I use to use reduce to concatenate string parts with some separator. However I recently found that join works faster.
use std::error::Error;
use std::time::Instant;
use std::collections::HashMap;
fn use_join(arr: &[&str]) -> String {
arr.into_iter().map(|curr| "\"".to_owned() +
&json_encode(&curr) + "\"").collect::<Vec<_>>().join(", ")
}
fn use_reduce(arr: &[&str]) -> String {
arr.into_iter().map(|curr| "\"".to_owned() +
&json_encode(&curr) + "\"").reduce(|a,e| a + ", " + &e).unwrap_or_else(String::new)
}
fn main() -> Result<(), Box<dyn Error>> {
let start = Instant::now();
let mut sum = 0;
for _ in 0..10_000_000 {
let res = use_reduce(&opts_val);
sum += res.len()
}
let duration = start.elapsed();
println!("Time elapsed: {:?} :{sum}", duration);
let start = Instant::now();
let mut sum = 0;
for _ in 0..10_000_000 {
let res = use_join(&opts_val);
sum += res.len()
}
let duration = start.elapsed();
println!("Time elapsed for join: {:?} :{sum}", duration);
Ok(())
}
My theory is that a closure gives overhead. What could be other reasons? Which technique do you use?
in the reduce() version, you repeated use the string + operator, which is inefficient because it needs to grow/reallocate every iteration. the join() version can calculate the final length before hand and do a single allocation.

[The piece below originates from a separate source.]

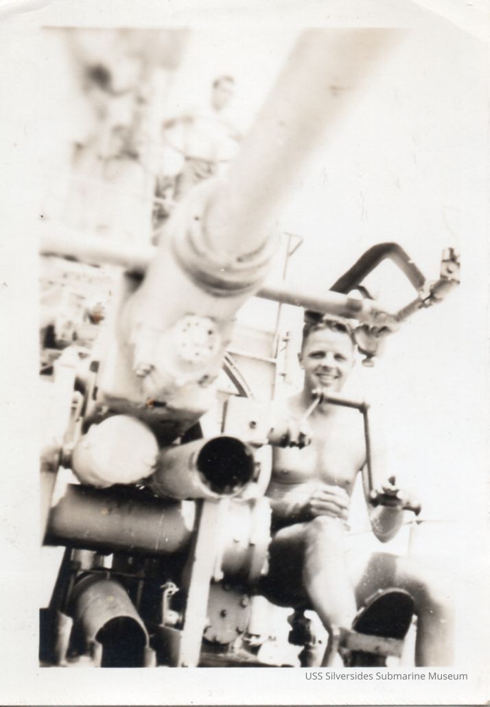 Black and white photo of PhM1c William F. "Doc" Cannon sitting on the deck gun of the Silversides.Acquisition

I presume that json_encode returns String, so this approach is in general inefficient. If you had json_encode that writes to &mut String, or writes to impl std::io::Write, or returns something that implements Display, you could stream the output without allocating temporary strings.
Note that this is also because of the linear structure of the reductions done by reduce. If you instead use Itertools::tree_reduce that cost will be less because you'll be combining smaller strings on average -- the documentation for the method even shows an example of that.
Is tree_reduce 3rd party code? Unfortunately it isn't allowed in my company unless it passes a long process of code review. So I stick with join for now. It's good knowledge the Rust performance depends on memory reallocation requests, so I will try to reduce such requests.
It's hard to generalize yet, because I am working on some language where no reallocation happens at all. So, we can say better: it's the bottleneck of most modern languages.